Sultan termangu-mangu menyimak penuturan Rangga. Dalam hati terpikir justru dialah yang harus belajar banyak dari Negeri Budi Luhur. Para petinggi dari negeri lain juga berkonsentrasi dengan melibatkan pemikiran dan hatinya untuk memperhatikan Rangga. Tak satu pun dari petinggi tersebut kelihatan tak peduli. Diam-diam mereka juga mengagumi kerajaan Budi Luhur.

“Maaf Tuan Rangga. Aku sangat terkesan sekali dengan cara raja anda dalam menyelenggarakan kerajaan. Justru aku yang harus lebih banyak belajar dari kerajaanmu”, tutur Sultan dengan hormatnya.

“Lalu bagaimana Raja Negeri Budi Luhur mengembangkan potensi rakyatnya?” tanya Sultan.

“Ah Tuan Sultan, Hamba jadi tak enak hati. Kami bertemu di serambi ini kan untuk membahas dan belajar kerajaan Sultan”, balas Rangga seraya tersipu.

“Tuan Rangga, tak ape lah… kite ni sama-sama belajar, supaya kite sama-sama maju. Bukankah kalau na maju kite harus banyak belajar. Na peroleh ilmu “dari Negeri Selaksa Angin atau Negeri Budi Luhur. Yang mane saje, baik lah tu”, Tuanku Mazmur dari Negeri Bintang turut urun rembug.

“Betul begitu Tuan Rangga, Tuturkanlah tentang kerajaamu, nanti barulah kita menuturkan jabaran kerajaan Negeri Selaksa Angin. Karena banyak juga diantara kita disini yang tertarik dengan kerajaanmu”.
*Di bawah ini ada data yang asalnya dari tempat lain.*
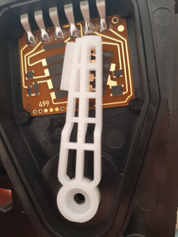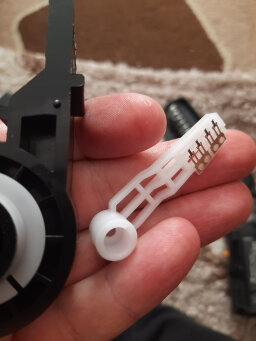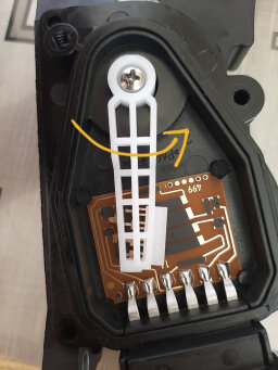 Он предлагает сдвинуть лапку (см. фото) на 1-2 мм. Если сдвинуть больше, чем нужно, то холостых оборотов не будет. Пластик новый, с первого раза эту лапку повернуть трудно. Нужно разработать открученную лапку, повернув ее туда сюда раза 3-4, не более, потом настроить и закрутить.
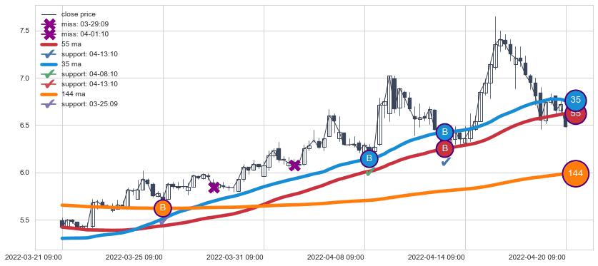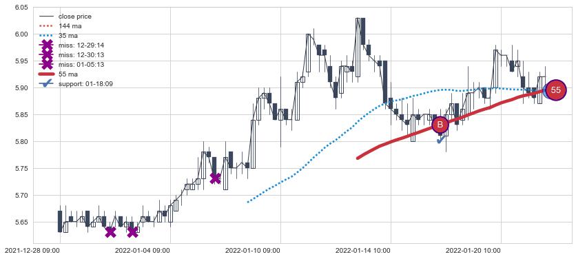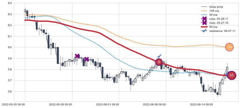 ⚂ 2022-06-30 13:00:00-小时均线向上突破,2022-07-04 13:00:00-小时重新下穿均线破位,均线阻力再次生效
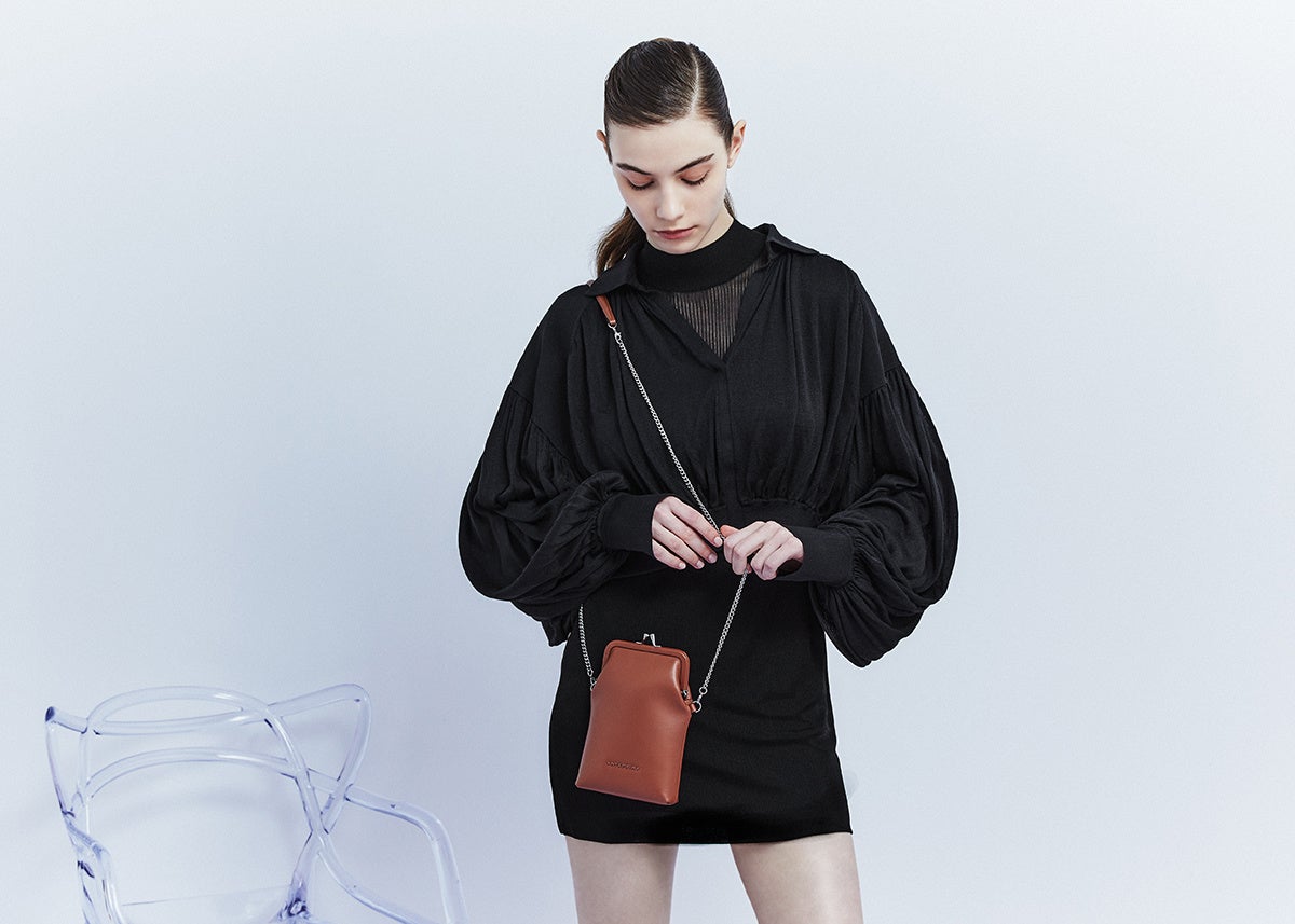 ちょっとした小物やカードを収納できるスモールと、スマートフォンも収納できる縦長シルエットの2型展開です。付属のチェーンは取り外しが可能で、レザーストラップのみにしてハンドバッグとしてもお使いいただけます。

‘Baiklah kalau begitu Tuanku Sultan. Satu hal yang kami kagumi dari raja kami adalah ajaran ketuhanan yang dipegang teguh oleh raja kami, termasuk menampakkan keadilan pada segenap rakyatnya. Adil bukan berarti segalanya dibagi rata, tetapi adil sesuai dengan proporsinya. Pekerjaan diserahkan pada yang ahlinya, penghargaan disesuaikan dengan kinerjanya. Menilai disesuaikan dengan kriterianya. Raja kami menyakini satu ayat dalam kitab sucinya yang sering menjadi pedoman, Sempurnakanlah takaran apabila kamu menakar dan timbanglah dengan neraca yang benar. Itulah yang lebih utama (bagimu) dan lebih baik akibatnya. Itulah alasan mengapa raja kami selalu menghargai kerja rakyatnya sesuai dengan hasil jerih payahnya. Sesuai dengan kompetensinya. Dengan begitu kami rakyat Negeri Budi Luhur sangat menghargai raja.

“Ya… ya…ya. sungguh luar biasa rajamu”. Sultan berdecak seraya mengacungkan jempolnya. Terpikir olehnya bagaimana ia memberdayakan rakyatnya. Semua harta, upeti dan kekayaan dibagi rata untuk rakyatnya. Pendidikan tak jadi ukuran, kerja tak jadi acuan.

“Tuan Rangga coba kau tuturkan lagi keunggulan negerimu! Aku semakin ingin tahu tentang kerajaanmu”, kata Sultan

Tuan Rangga tersenyum bangga dan kembali menceritakan tentang kerajaannya

“Tuanku Sultan, Azas ketuhanan yang dianut oleh raja kami menjadi panutan bagi rakyatnya. Rakyat tak pernah berbuat jahat pada sesamanya, selalu menjaga silahturrahmi, berbuat baik dengan sesama, dan bertanggung jawab atas seluruh pekerjaannya. Kesulitan selalu diemban bersama dan diselesaikan bersama. Raja selalu mengajarkan bagaimana rakyatnya harus menjalankan perintah Tuhannya Jika kamu berbuat baik (berarti) kamu berbuat baik bagi dirimu sendiri dan jika kamu berbuat jahat, maka (kejahatan) itu bagi dirimu sendiri, dan apabila datang saat hukuman bagi (kejahatan) yang kedua, (Kami datangkan orang-orang lain) untuk menyuramkan muka-muka kamu dan mereka masuk ke dalam mesjid, sebagaimana musuh-musuhmu memasukinya pada kali pertama dan untuk membinasakan sehabis-habisnya apa saja yang mereka kuasai.”.

Hebat, hebat, hebat, … Rajamu hebat. Ini pembelajaran baru buat kerajaan kami. Terima kasih Tuan Rangga. Kelak aku akan berkunjung ke kerajaanmu untuk banyak belajar”, sapa Sultan

“Nah Sobat-sobatku dari negeri jiran, mudah-mudahan apa yang dituturkan oleh Rangga menebarkan banyak manfaat dan sarat makna”, Sultan menutup pertemuan ini dengan senyum ceria.